TAIPEI (Taiwan News) — The Financial Supervisory Commission said Tuesday that the financial sector is well-positioned to absorb any impact as Taiwan and US trade talks near completion.
The New York Times reported that Taipei and Washington are close to an agreement that would lower US tariffs on Taiwanese imports from 20% to 15%, citing people familiar with the talks. The report said TSMC would also expand US investment, including plans for at least five additional semiconductor fabs.
The FSC said the financial sector’s exposure to the US stood at NT$14.03 trillion (US$443.08 billion) as of the end of November, per CNA. Of that, life insurers accounted for NT$9.68 trillion, domestic banks NT$4.24 trillion, and the securities, futures, and investment trust sectors NT$106.7 billion.

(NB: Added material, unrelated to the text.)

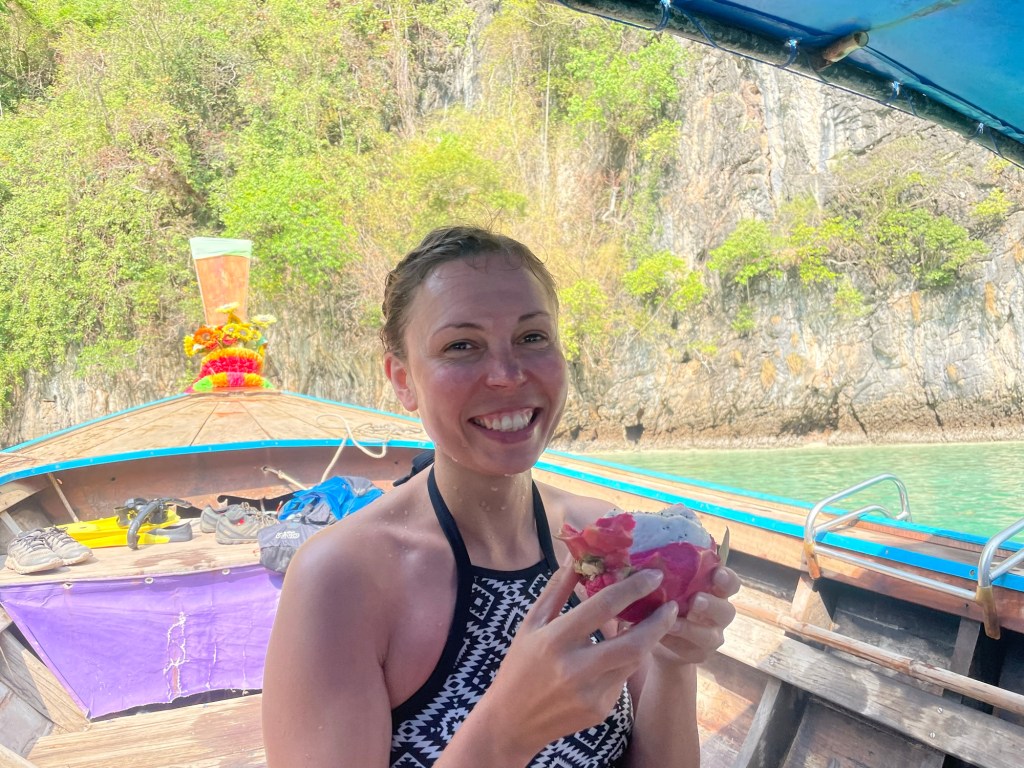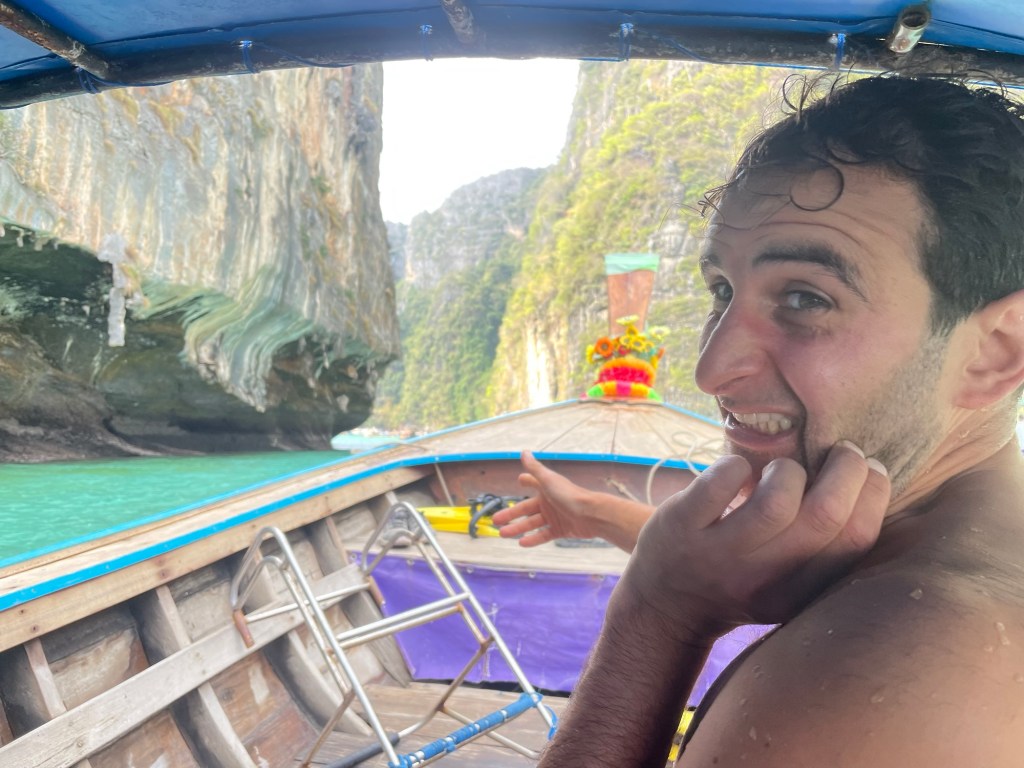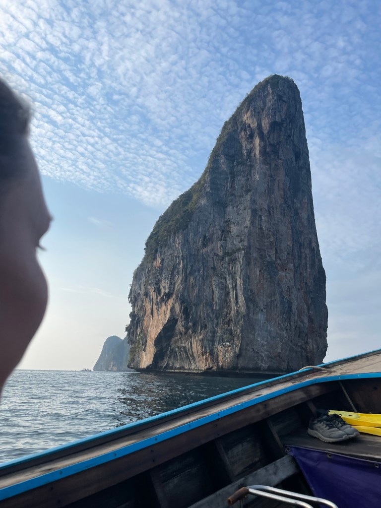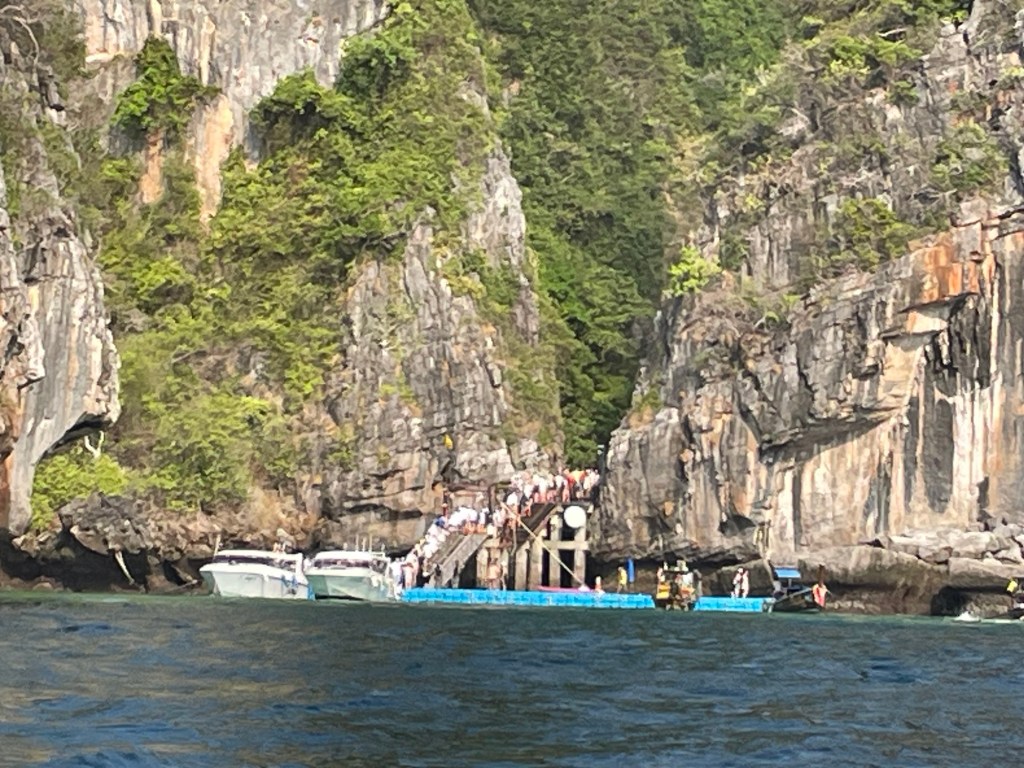 The beach at Maya bay had been closed for three years up until October 2024 due to over tourism. You can no longer swim in the water, only dip your feet in. And boats can’t land on the beach in the bay. They have to go around the back. Gis seemed to ask us if we wanted to go in a somewhat skeptical manner. He reminded us of the 400 baht fee, each, to enter the national park. We took the hint. As we passed the entrance point at the back there were lines of people marching up some steps. It was a money printing machine.

FSC Banking Bureau Deputy Director-General Wang Yun-chung (王允中) said domestic banks remain stable, citing pretax earnings of NT$550.6 billion through November, a non-performing loan ratio of 0.16%, and a loan loss coverage ratio of 855.48%. He said the indicators reflect strong asset quality and stable operations.
Wang said the FSC conducted stress tests last year covering scenarios such as slower global growth, falling property and equity prices, and tariff uncertainty. The results showed banks remain resilient, with tariff rates of either 20% or 15% posing no material risk.
To support industry, Wang said relief measures proposed by business groups have been extended through the end of this year. These include streamlined reviews for new lending and a consultation platform for businesses.
FSC officials added that exposure in securities-related sectors remains within manageable limits, while current tariff measures pose no direct impact on insurers, though risks will continue to be monitored.